Editor's Note: Susan Martin will start as Eastern Michigan
University's 22nd president — and its first-ever female
president — July 7. The following story was reprinted from
the spring 2008 issue of Exemplar magazine.
Back
in the late 1950s, a young girl named Susan Work attended
classes at a one-room schoolhouse in Croswell, a tiny farming
community in Michigan's thumb. It was typical of the schoolhouses
that, by then, were beginning to vanish in the wake of
organized school districts and new, low-slung school buildings.
It was small enough for the kids to throw a ball over,
a time-honored schoolhouse game. It had two outhouses — one
for boys, one for girls — no
running water and just one teacher.
 |
EMU'S NEXT PRESIDENT: Susan Martin,
provost
and vice chancellor of academic
affairs at the
University of Michigan-
Dearborn, officially becomes
Eastern
Michigan University's president July 7.
She
will become EMU's first female president in
its 159-year history. |
One of about 35 children in grades K-8, Work
was a good student because she was smart, but also because
of that one, no-nonsense, demanding teacher. Mrs. Murray
was her name. She had high standards, teaching much more
than just the three Rs, recalls Susan Work Martin today.

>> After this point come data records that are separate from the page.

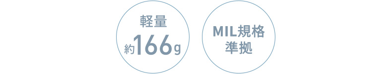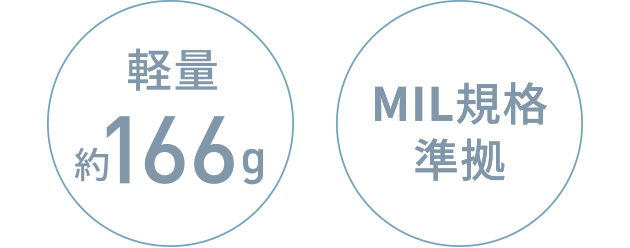 約166gと軽量でコンパクト。IPX5/8・IP6Xの防水・防塵※1とMIL規格準拠※2の耐衝撃ボディ。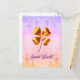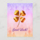 Send a little magic in the mail with this charming good luck postcard, featuring a shimmering golden four-leaf clover against a dreamy pink and lavender gradient background. Delicate vintage-style flourishes and a warm gradient give this design a nostalgic yet modern feel — perfect for wishing someone success, encouragement, or just a little extra luck in their day.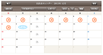 日計表カレンダー画面では、入力を完了している日には「済」スタンプが表示され入力有無が一見してわかるほか、一時保存した入力途中の日には「作成中」スタンプが表示され入力漏れを防止できます。また、休業日を選択した日には「休」マークが表示されます。日計表を登録する都度、日計表カレンダーがスタンプで埋まっていき、視覚的に達成感を感じられます。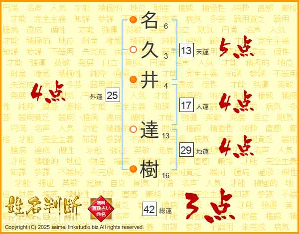 名(6画)久(3画)井(4画) 達(13画)樹(16画)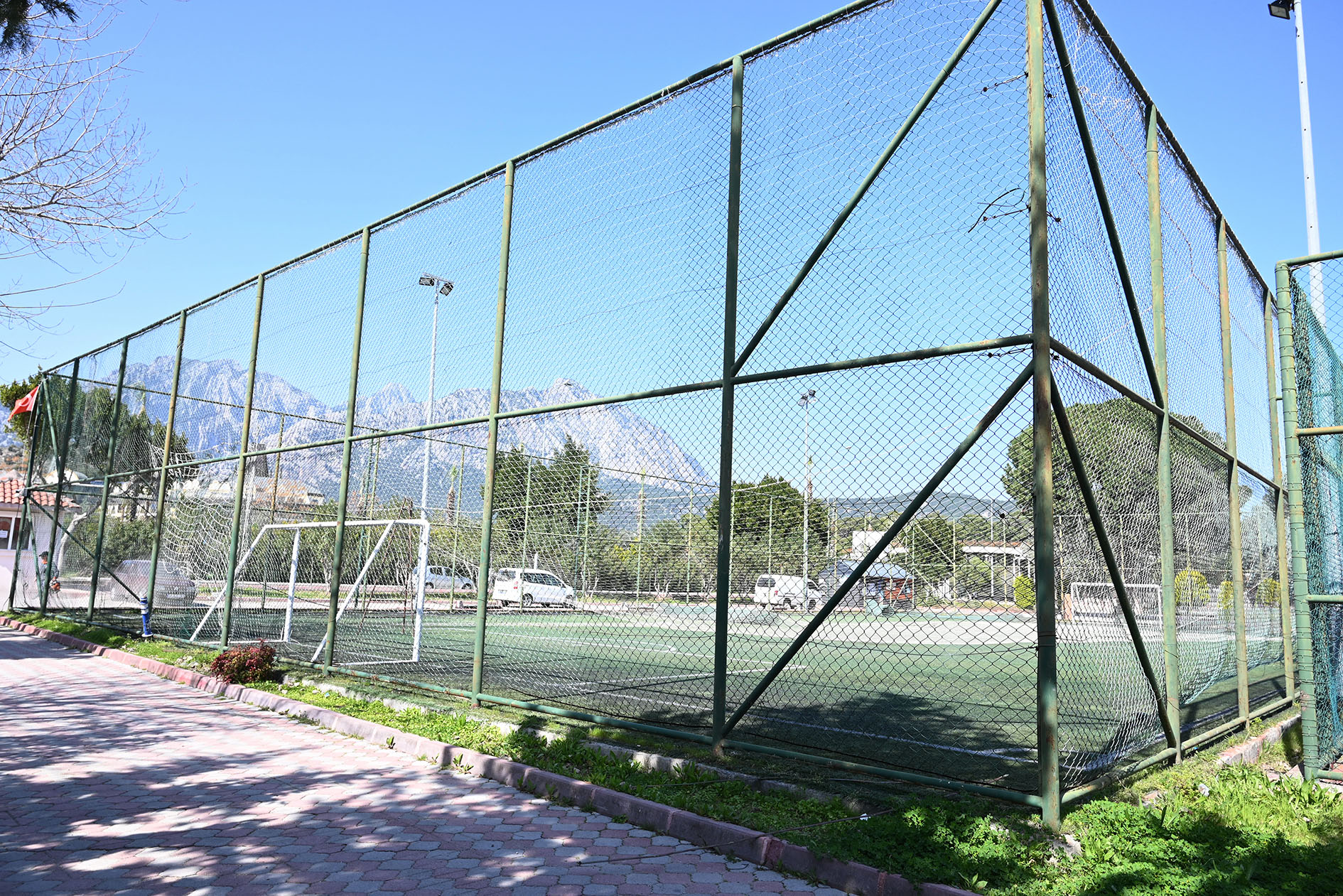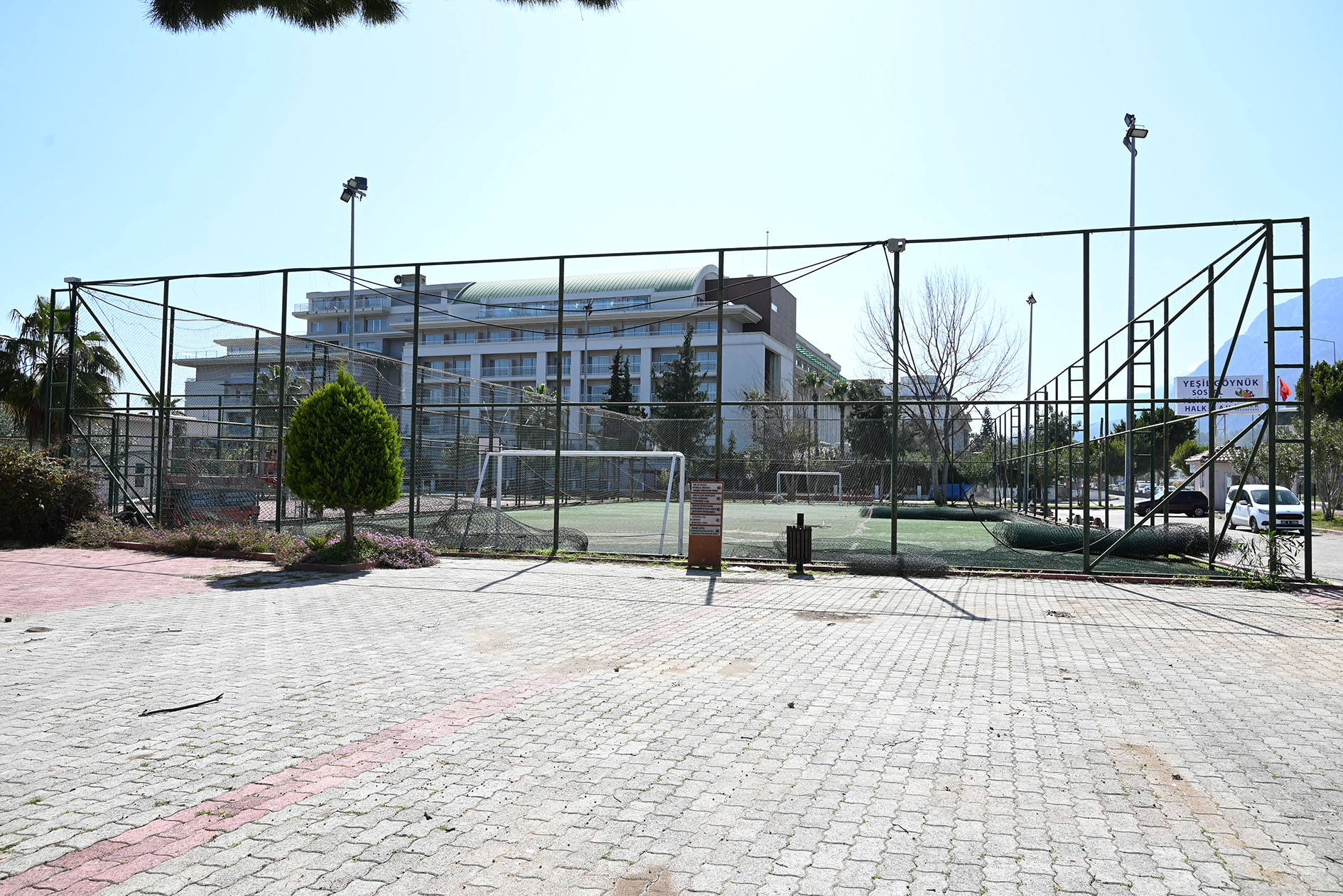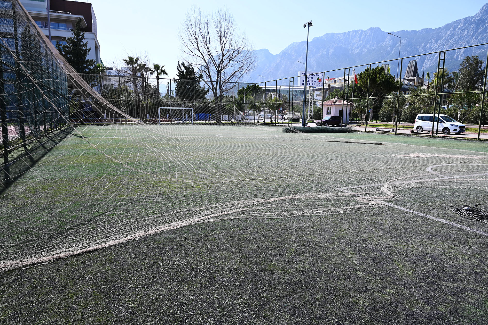 Kemer Belediyesi Göynük Mahallesi'nde yer alan Günübirlik Sosyal Tesislerde bulunan halı sahada yenileme çalışmalarına başladı.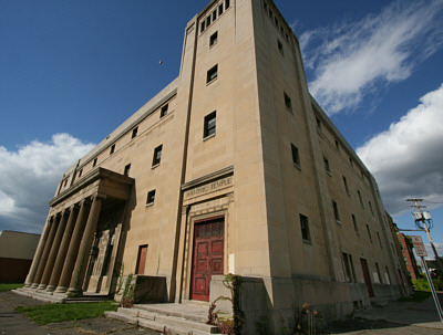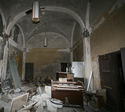 The ceremony was filled with ritual and symbolism. The "Great Architect of the Universe" was invoked and a cornerstone was placed in position. Tools of the craft were used in the ceremony: the square, the level and the plumb, each an implement of Masonry, and each representing moral attributes as well. Corn, wine and oil were poured on the stone signifying bounty, joy and peace. As in the original ceremony, on completion of each segment the Masons concluded that the craftsmen had done their job well, then in unison chanted "so mote it be," meaning "so it is." For those fortunate enough to witness the event, it was a solemn, moving and truly unforgettable experience. Established over 600 years ago, Freemasonry is claimed to be the oldest fraternal organization in the world. It first appeared in this area in 1798, the Grand Master was John Patterson and meetings were held in Joshua Whitney's log cabin. As the organization grew, meetings were held in several buildings around town. In 1898 a Masonic Temple was built on Chenango Street which served as headquarters until it was destroyed by fire in 1919. Finally, in 1922 a new Masonic Temple was constructed on the corner of Main and Murray Streets. Designed by Walter H. Whitlock and Charles H. Conrad, the building, with its classical six-column portico has elements of "Art Moderne" style. Inside was a large theater, two lodge rooms were located on the second floor, upper floors held recreational rooms and a grand ballroom. In later years the theater was rented out for concerts, Broadway performances and other events. Dances were held in the ballroom. During the 1960's and 1970's it was home to the Tri-Cities Opera and Summer Savoyards. Local musician Eric Ross remembers seeing opera great Placido Domingo in a Tri-Cities Opera production at the Masonic Temple. With declining Masonic membership, in the mid 1980's a plan was developed to renovate the upper floors into apartments for senior housing. Construction began and was well under way when, in 1990, funding came to a halt and the project was abruptly abandoned. Shortly after that the Masons moved out and in December of 2000 the building was sold at auction. Former Mayor Richard Bucci announced at the time that the new owner, a development group in Sarasota, Florida, which also owned the Grand Royale Hotel and the Drazen Building on State Street, planned to convert the Masonic Temple into student housing. In 2001 Binghamton University Administration announced that the student housing plan was in its final stages, stating that the building "was already separated into apartments 10 years ago," and it "has a common area large enough to fit a basketball court." It was not to be. Owner of the building David Band recalls that after the sale some structural work was done, the roof was repaired and the building was secured. "Then the economy turned and the project was put on hold," he said. Now he is interested in selling the property. Today the grand entrance and the theater are filled with debris: piles of wooden seats, cabinets, construction material, pianos, toilets, an organ console… everything but the kitchen sink. Make that everything INCLUDING the kitchen sink - at least three of them can be found in the rubble. In the pitch black theater a flashlight shows walls that are stripped bare, the stage that once supported lavish operatic productions is littered with trash. This grand hall, once filled with music, laughter and applause, is cold, dark and silent. The upper floors look like a work in progress. Walls have been demolished, new walls have been erected, electrical and plumbing work is unfinished. New windows are in place, bathtubs have been framed in. Piles of lumber and drywall sit waiting for workers to return - workers that left the job nearly twenty years ago. Copper plumbing has been removed, presumably by vandals. In the catacombs beneath the auditorium a ladder stands below an open window making for easy access by nocturnal visitors. Other than some architectural detail in the theater, there is little evidence of the building's original Masonic use. But on the top floor, in the midst of partially completed housing units, the old "Doric Room" remains somewhat intact. With its arched ceiling, a stage at one end and elevated seating along each side, the Doric Room was used for Masonic meetings and ceremonial events. I left the Masonic Temple with a few impressions. The building is a magnificent structure. It has a rich history and for 70 years provided a great service to this community. Today, the interior is a mess. With no climate control, 18 years of exposure to the elements has taken its toll. But the building itself appears to be structurally sound. Outside I went to the northeast corner of the building to look for the cornerstone. There it was, engraved with a date and name of the Masonic Grand Master. On July 22, 1922, a ceremony took place at that very spot. The Great Architect of the Universe was invoked and the cornerstone was placed. It was positioned by square, level and plumb. It was sprinkled with corn, wine and oil. Today, in spite of years of neglect the building stands strong and proud, ready for its next use. The craftsmen did their job well. So mote it be.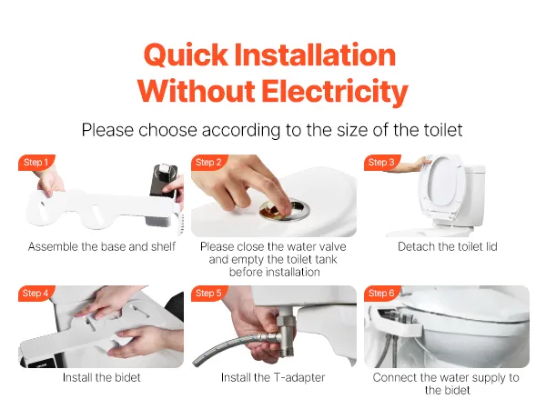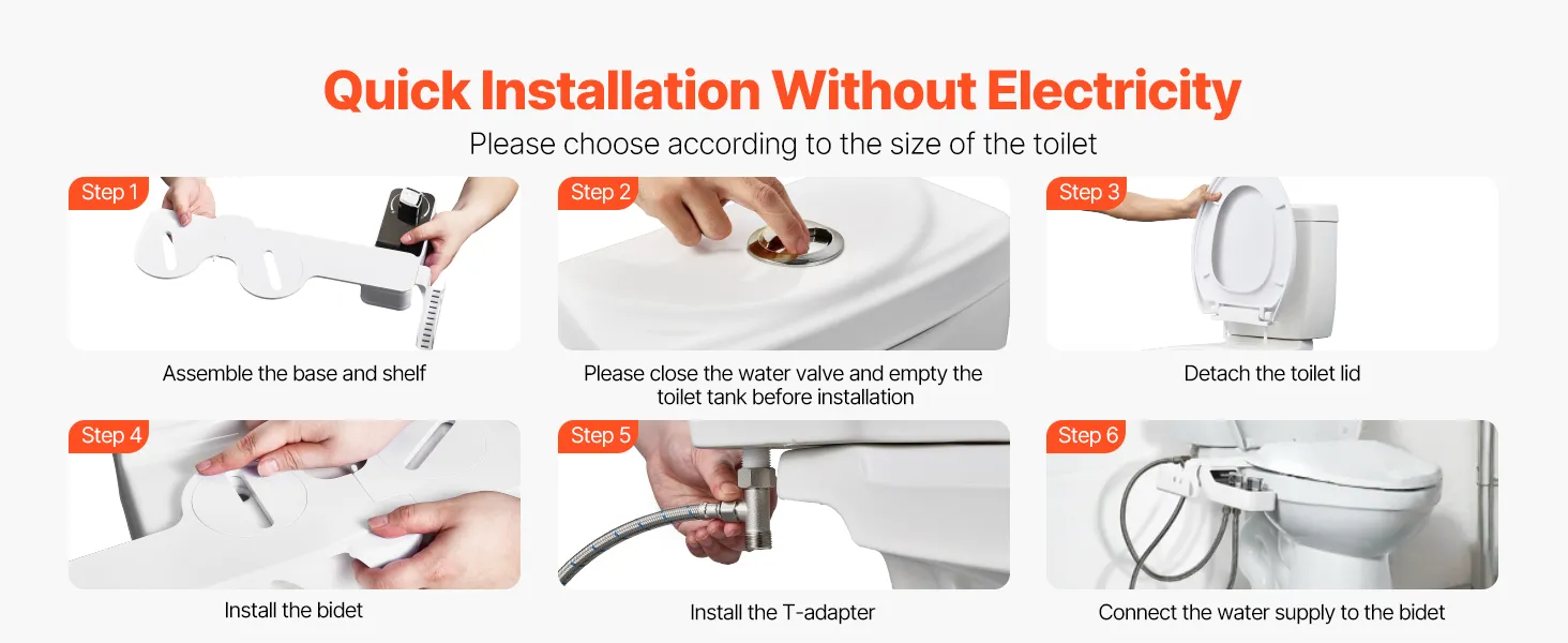This toilet seat bidet attachment installs easily—no electricity, no special tools, no plumber required. Just measure your toilet before purchase. Tip: Avoid overtightening seat bolts to keep the bidet level.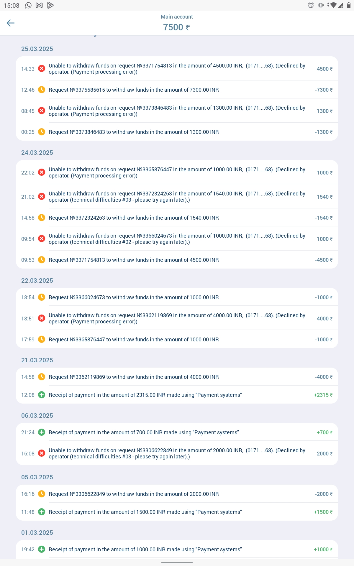 THE LATEST WITHDRAWAL WHICH I PLACED WAS ON 25/3/2025OF 7300 ON 12:16 BUT STILL NOT RECEIVED AMOUNT IN MY BANK ACCOUNT.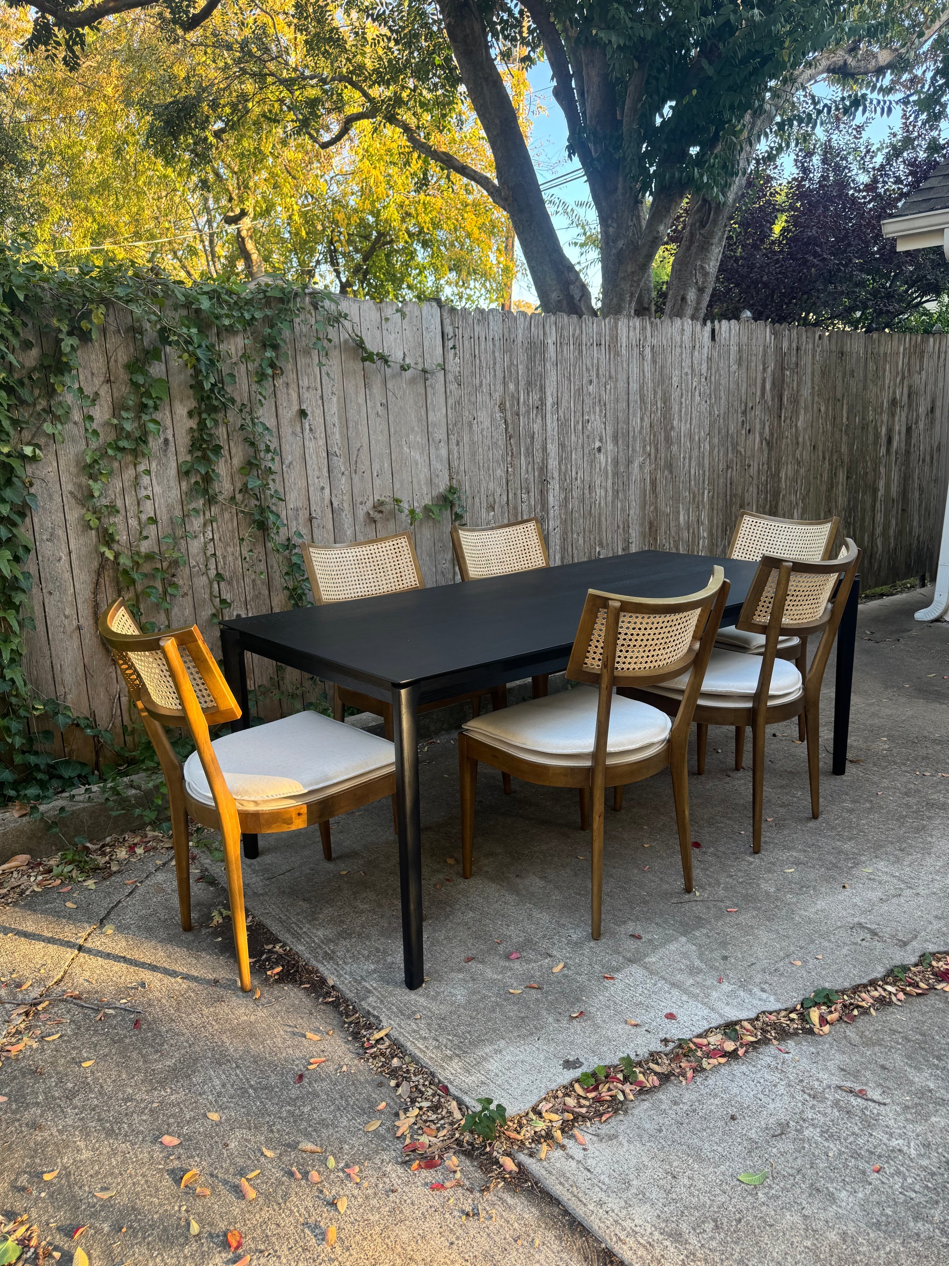 Perigold Dining Set - Ethnicraft Black Oak Dining Table + 6 Four Hands Cane Back Chairs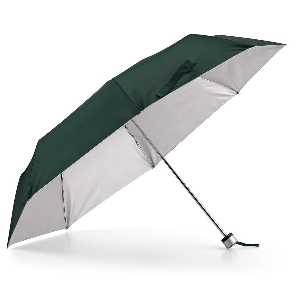 Guarda-chuva em poliéster 190T dobrável em 3 secções e de abertura manual. Disponível em várias cores, com interior em cinza. Guarda-chuva prático e leve fornecido em bolsa. ø960 mm | 240 mm | Bolsa: ø40 x 225 mm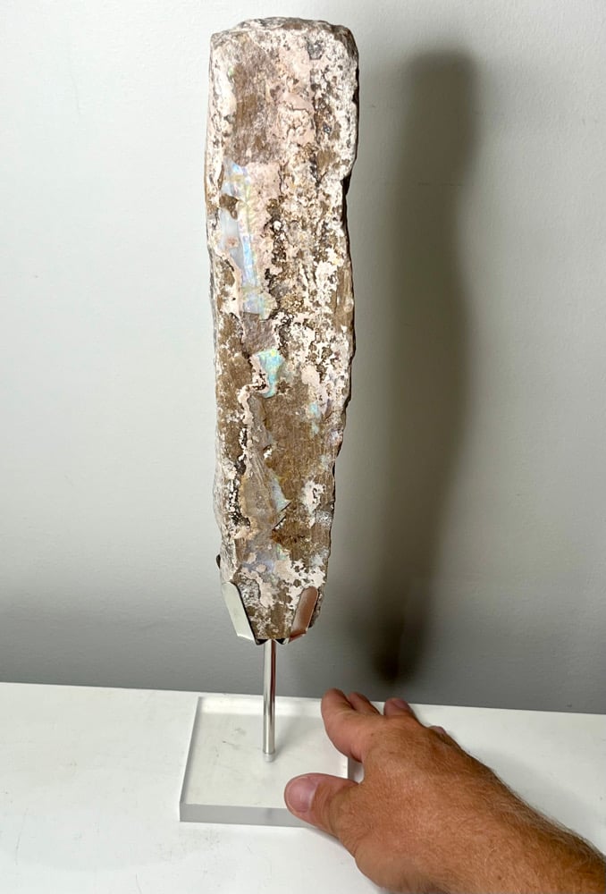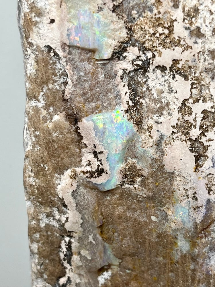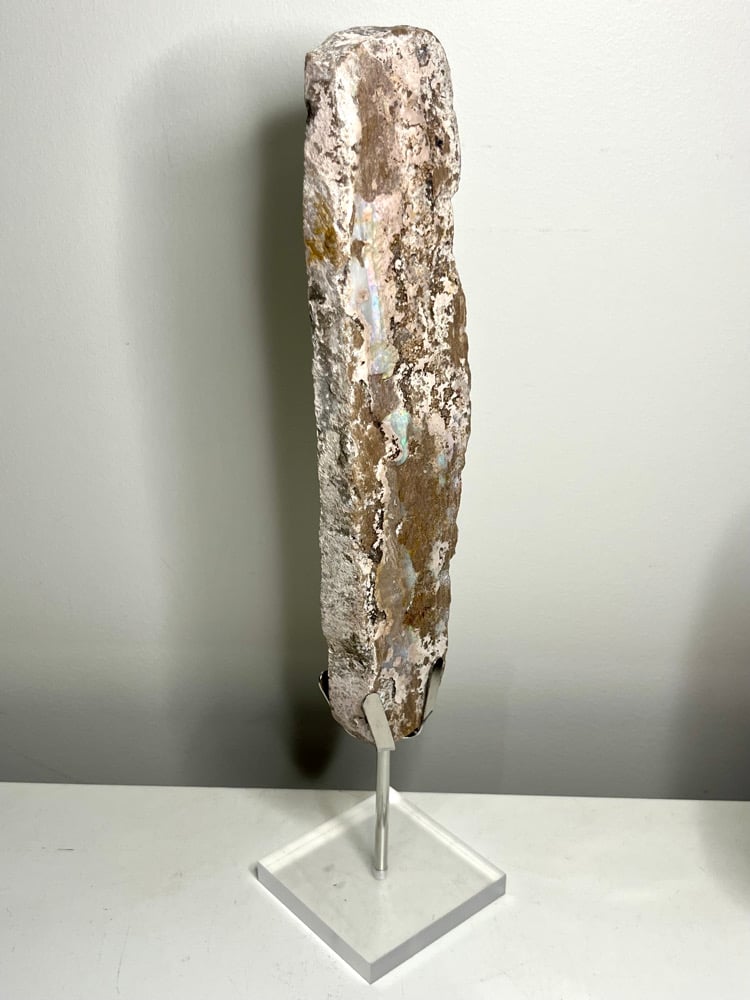 Natural Painted Lady Opal Specimen on custom removable display stand from Andamooka South Australia.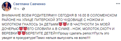 "Увага всім батькам!!!! Сьогодні о 16.00 в Солом'янському районі на вулиці пітерської це чудовисько з ножем і молотком гнався за дітьми і зокрема за моєю дочкою. Його зловили а в сумці - ніж, молоток, скотч і мотузки! Бережіть дітей!!! Прошу зробити репост! Нехай це побачать в прокуратурі! Таких не можна випускати на волю!!!! ", - йдеться в повідомленні.

"We did plays, monologues, drama — you name it. She was
unbelievable," Martin recalled.
That teacher just happened to be a graduate of Michigan
State Normal School in Ypsilanti, Michigan; she attended
many classes in Welch Hall.
More than four decades later, that school is now Eastern
Michigan University. And little Susan ? is now Dr. Susan
Martin. She is going to be in Welch Hall, too — as EMU's
first female president.
It all became official May 14, when the EMU Board of Regents
unanimously selected Martin, 57, as EMU's 22nd president.
Her schoolhouse-to-university presidential journey, on
the face of it, is inspirational enough. It also places
her in what must be a very small, if not solitary, category
of sitting university presidents who attended one-room
schoolhouses (her ability to drive a tractor by age 10,
in order to get to softball practice, perhaps qualifies
her in a similarly unique category).
But that journey also symbolizes why Martin seemed to
be the right person at the right time for EMU. Her breadth
of experience, from shorthand-taking secretary to state
government finance posts to provost, combines with a down-to-earth
manner for a winning combination, said Thomas Sidlik, chair
of the EMU Board of Regents.
"She has an engaging personality and, in a college president,
you need someone who deals with a variety of people — high
school freshmen, legislators, people in Washington, community
leaders, faculty administrations, union representatives.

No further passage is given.